Mohammed Sharuk

Posted on Aug 20

Insurance Cost Prediction

Introduction
Exploratory Data Analysis
Hypothesis Testing
Modelling
Model comparison and performance
Deployment
GitHub Repository

1. Introduction

1.1 About Project

Insurance companies need to accurately predict the cost of health insurance for individuals to set premiums appropriately. However, traditional methods of cost prediction often rely on broad actuarial tables and historical averages, which may not account for the nuanced differences among individuals. By leveraging machine learning techniques, insurers can predict more accurately the insurance costs tailored to individual profiles, leading to more competitive pricing and better risk management.

1.2 Objectives

The primary need for this project arises from the challenges insurers face in pricing policies accurately while remaining competitive in the market. Inaccurate predictions can lead to losses for insurers and unfairly high premiums for policyholders. By implementing a machine learning model, insurers can:

Enhance Precision in Pricing: Use individual data points to determine premiums that reflect actual risk more closely than generic estimates.
Increase Competitiveness: Offer rates that are attractive to consumers while ensuring that the pricing is sustainable for the insurer.
Improve Customer Satisfaction: Fair and transparent pricing based on personal health data can increase trust and satisfaction among policyholders.
Enable Personalized Offerings: Create customized insurance packages based on predicted costs, which can cater more directly to the needs and preferences of individuals.
Risk Assessment: Insurers can use the model to refine their risk assessment processes, identifying key factors that influence costs most significantly.

1.3 Concepts used

Data Cleaning and pre-processing
EDA
Hypothesis testing (using scipy library for statistical test)
Predictions using regression models (using sklearn library)

1.4 Data Source

Dataset provided by Scaler

2. Exploratory Data Analysis (EDA)

This is the most important and time-consuming part of any data science project. As you have to use imagination to dig out the important information or insights while ensuring high interpretability. This helps us in understanding the data better and for other stakeholders too which further helps in making better business decisions. This also helps in understanding how target variable are behaving with different features. This will further help us in feature engineering.
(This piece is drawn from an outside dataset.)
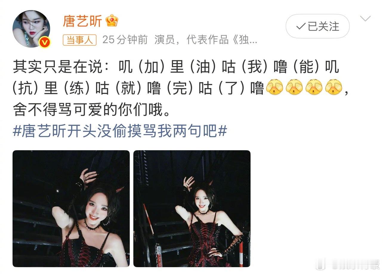 唐艺昕舍不得骂大家唐艺昕叽里咕噜的在打气 唐艺昕网感这不就有了!回应大家调侃她唱歌在干嘛,表示自己只是在给自己打气,不舍得骂大家,太可爱了

Before moving ahead with EDA we will first, import some libraries like pandas, numpy, matplotlib etc. Then we will be reading the data. The data is in .csv format

Data Description

The dataset comprises the following 11 attributes:

Age: Numeric, ranging from 18 to 66 years.
Diabetes: Binary (0 or 1), where 1 indicates the presence of diabetes.
BloodPressureProblems: Binary (0 or 1), indicating the presence of blood pressure-related issues.
AnyTransplants: Binary (0 or 1), where 1 indicates the person has had a transplant.
AnyChronicDiseases: Binary (0 or 1), indicating the presence of any chronic diseases.
Height: Numeric, measured in centimeters, ranging from 145 cm to 188 cm.
Weight: Numeric, measured in kilograms, ranging from 51 kg to 132 kg.
KnownAllergies: Binary (0 or 1), where 1 indicates known allergies.
HistoryOfCancerInFamily: Binary (0 or 1), indicating a family history of cancer.
NumberOfMajorSurgeries: Numeric, counting the number of major surgeries, ranging from 0 to 3 surgeries.
PremiumPrice: Numeric, representing the premium price in currency, ranging from 15,000 to 40,000.

Reading Dataset

def read_data(url):
  df = pd.read_csv(url)
  df.rename(columns={
      'Age'                     : 'age',
      'Diabetes'                : 'diabetes',
      'BloodPressureProblems'   : 'blood_pressure_problems',
      'AnyTransplants'          : 'any_transplants',
      'AnyChronicDiseases'      : 'any_chronic_diseases',
      'Height'                  : 'height',
      'Weight'                  : 'weight',
      'KnownAllergies'          : 'known_allergies',
      'HistoryOfCancerInFamily' : 'history_of_cancer_in_family',
      'NumberOfMajorSurgeries'  : 'number_of_major_surgeries',
      'PremiumPrice'            : 'premium_price'
  }, inplace=True)

  return df

CSV_URL = 'https://drive.google.com/uc?id=1NBk1TFkK4NeKdodR2DxIdBp2Mk1mh4AS'
df = read_data(CSV_URL)

df.head()

Dataset Shape

rows, cols = df.shape
print(f'Number of rows : {rows}')
print(f'Number of columns : {cols}')

Column Datatypes

Numerical Data Description

Categorical Data Description

Null Value Counts

Number of outliers

Mean Premium by All Disease Interaction Combinations

Target Variable Distribution (Premium Price)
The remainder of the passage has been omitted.